In addition to writing blogs, I am also a mechanical engineer working in the field of building, repairing and maintaining different types of machines. I want to share a story with all of you about the recent experiences that I have had in the field of machines along with my reflections and thoughts on it. I am just hoping that I am not the only one being affected mentally and physically while working in this field. I know that many other individuals are facing the same problem that I am facing at present and we obviously want a solution for this.

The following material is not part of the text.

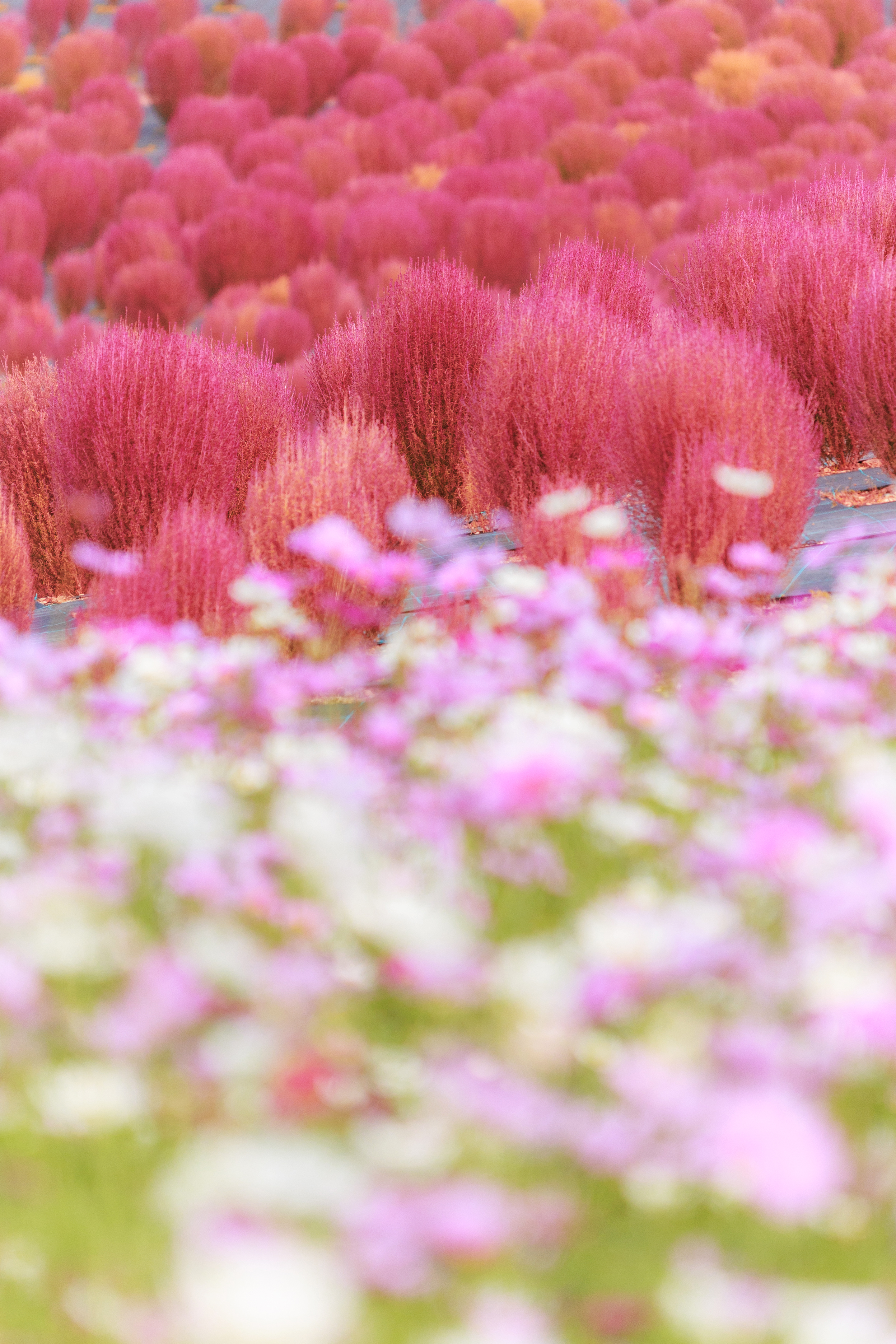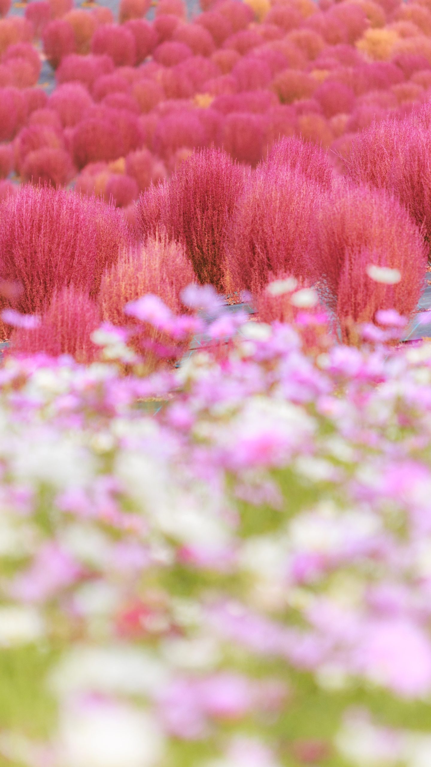 無料スマホ壁紙「コキアとコスモスの共演」はiPhone・Androidに対応した縦長の高画質な待ち受けです。三重県の志摩市観光農園でふがまるちゃんが撮影した写真です。今月のカレンダーを合成や開運数字を追加するカスタマイズも可能です。商用利用OKのフリー写真素材ですが、利用規約を守ってご利用ください。

To start off, I will detail something about myself. I am a mechanical engineer, and I am involved in building new machines, repairing different machines and even maintaining them in the best way possible. I am involved in some mechanical events and roles. I also like to consider myself as one of the most active parts of the community that I live in whether by way of technical or social areas. It is only because I was a machine fanatic right from my childhood that I went into mechanical engineering. I am well aware of different types of engines and can always bring you the details of the different kinds available. I possess a degree in machine parts development and testing. So, why is all this important? This is because I want to share with you a story of the internal or the mental struggle that I am going through while working as a mechanical engineer. I am quite sure that many of us face questions like “What are the steps that I need to take towards success? What am I doing here? What are the things that make me happy and am I going to be comfortable working on machines the rest of my life”? All these questions are very well-loaded, and I am not sure whether I can answer all of them.
Why I am not satisfied?
Most of the times, I question my sense of belonging to this career. Of course, I am fond of my work culture and community. I have made good progress in this field, and I have also made a name among my peers and employers. And yet, I cannot help, but I have this feeling that I am not fit to be a Mechanical Engineer. I have the skills and the education needed for serving this field but the pressure and the stress that I need to go through every day, brings me down and I feel as if I will not be able to give my best while working in this field. I know that I am working in an industry that I have always been interested in my entire life. But at the same time, I feel that I have not learned anything new except the information and the exposure that I have got on certain subsets of the specific industry standards. I am going through a lot of pressure, and I know that more challenges are waiting, but still, I want to continue. This is because I have a firm belief in myself and I know that the decisions I make will be safe.